# Hypothesis Tests for One Sample

When conducting hypothesis tests for a single population, different methods are employed depending on the nature of the data and the available information. Below, we explore three common scenarios: testing a single population mean using a t-test, testing a single population mean using a z-test, and testing a single population proportion.

## Testing a Single Population Mean using a z-test (Known Variance)

**Assumptions:**
- A simple random sample is taken from the population.
- The population is normally distributed or the sample size is sufficiently large.
- The value of the population standard deviation is known (which is rarely the case in practice).

**Mathematical Formulation:**
$$ z = \frac{\bar{x} - \mu}{\frac{\sigma}{\sqrt{n}}} $$

where:
- $ \bar{x} $ is the sample mean,
- $ \mu $ is the population mean,
- $ \sigma $ is the population standard deviation,
- $ n $ is the sample size.


### Example:

In [80]:
import numpy as np
from scipy import stats

In [81]:
# Lets genrate a sample from Normal distribution with mean: 10 and sigma:3. 

mu_true = 10
sigma_true = 3
n = 50

x = stats.norm.rvs(size=n, loc=mu_true, scale=sigma_true)

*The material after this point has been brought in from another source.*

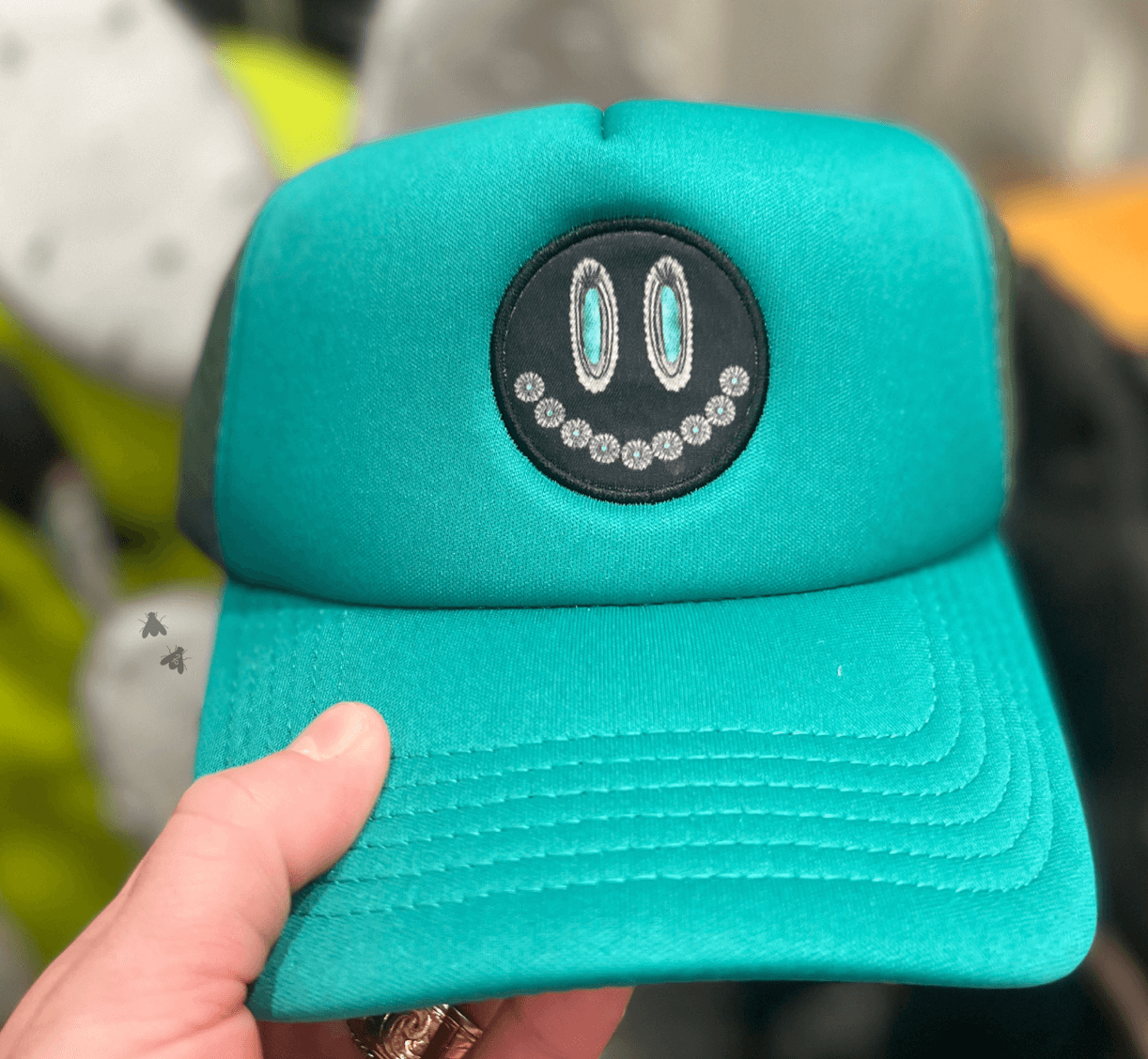 2 Fly Turquoise Glam Grin Ponytail Mesh Trucker Hat

State the following Hypothesis:  
$$H_0: \mu = 9.5$$
$$H_1: \mu \neq 9.5$$  

And set significance level $\alpha$ = 0.05

In [83]:
alpha = 0.05
mu_0 = 9.5

x_hat = np.mean(x)
n = len(x)

z_statistic = (x_hat - mu_0)/(sigma_true/np.sqrt(n))
p_value = 2*stats.norm.cdf(-abs(z_statistic))
z_critical = stats.norm.ppf(1 - alpha/2)
print(f'z-statistic: {z_statistic: 3.4f} \np-value: {p_value: 3.4f} \nz-critical: {z_critical: 3.4f}')
print('Reject H0:', p_value < alpha)

z-statistic:  0.6174 
p-value:  0.5370 
z-critical:  1.9600
Reject H0: False


As we can see, the test failed to reject the $H_0$. Is there a way to determine sample size $n$ such that the desired difference in means would be detected with significance level $\alpha$? Let's find out:  

Given, significance level $\alpha$ and Type II error probability $\beta$:  
$$P\left(\frac{\bar{X} -  \mu_0}{\frac{\sigma}{\sqrt{n}}} \geq z_{\frac{\alpha}{2}}\right) = \frac{\alpha}{2}$$
$$P\left(\frac{\bar{X} -  \mu_1}{\frac{\sigma}{\sqrt{n}}} \leq z_{\beta}\right) = \beta$$  

We need: 
$$z_{\frac{\alpha}{2}} + z_{\beta} = \mu_1 - \mu_0 = d$$  
Where $d = \mu_1 - \mu_0 $ is called effect size  
So we have:  
$$\frac{\bar{X} -  \mu_0}{\frac{\sigma}{\sqrt{n}}} = z_{\frac{\alpha}{2}}$$
$$\frac{\bar{X} -  \mu_1}{\frac{\sigma}{\sqrt{n}}} = -z_{\beta}$$
From here we get:  
$$d = z_{\frac{\alpha}{2}} + z_{\beta} = \mu_0 + \frac{\sigma \cdot z_{\frac{\alpha}{2}}}{\sqrt{n}} -\mu_1 + \frac{\sigma \cdot z_{\beta}}{\sqrt{n}}$$  
$$d = \frac{\sigma\cdot \left(z_{\frac{\alpha}{2}} + z_{\beta}\right)}{\sqrt{n}}$$  
And finally:
$$n = \frac{\sigma^2\cdot \left(z_{\frac{\alpha}{2}} + z_{\beta}\right)^2}{d^2}$$  

In [84]:
# Lets calculate the desired sample size, setting beta = 0.1
beta = 0.1
d = 0.5

z_alpha = stats.norm.ppf(1 - alpha/2)
z_beta = abs(stats.norm.ppf(beta))
n = np.ceil(sigma_true**2*(z_alpha + z_beta)**2/d**2)
print(f'Desired sample size: {n}')

Desired sample size: 379.0


In [85]:
n = 379

x = stats.norm.rvs(size=n, loc=mu_true, scale=sigma_true)

x_hat = np.mean(x)
n = len(x)

z_statistic = (x_hat - mu_0)/(sigma_true/np.sqrt(n))
p_value = 2*stats.norm.cdf(-abs(z_statistic))
z_critical = stats.norm.ppf(1 - alpha/2)
print(f'z-statistic: {z_statistic: 3.4f} \np-value: {p_value: 3.4f} \nz-critical: {z_critical: 3.4f}')
print('Reject H0:', p_value < alpha)

z-statistic:  1.9855 
p-value:  0.0471 
z-critical:  1.9600
Reject H0: True


Now our test can detect desired effect size of 0.5



## Testing a Single Population Mean using a t-test (Unknown Variance)

**Assumptions:**
- The data should be a simple random sample from a population.
- The population should be approximately normally distributed.
- The sample standard deviation is used to estimate the population standard deviation.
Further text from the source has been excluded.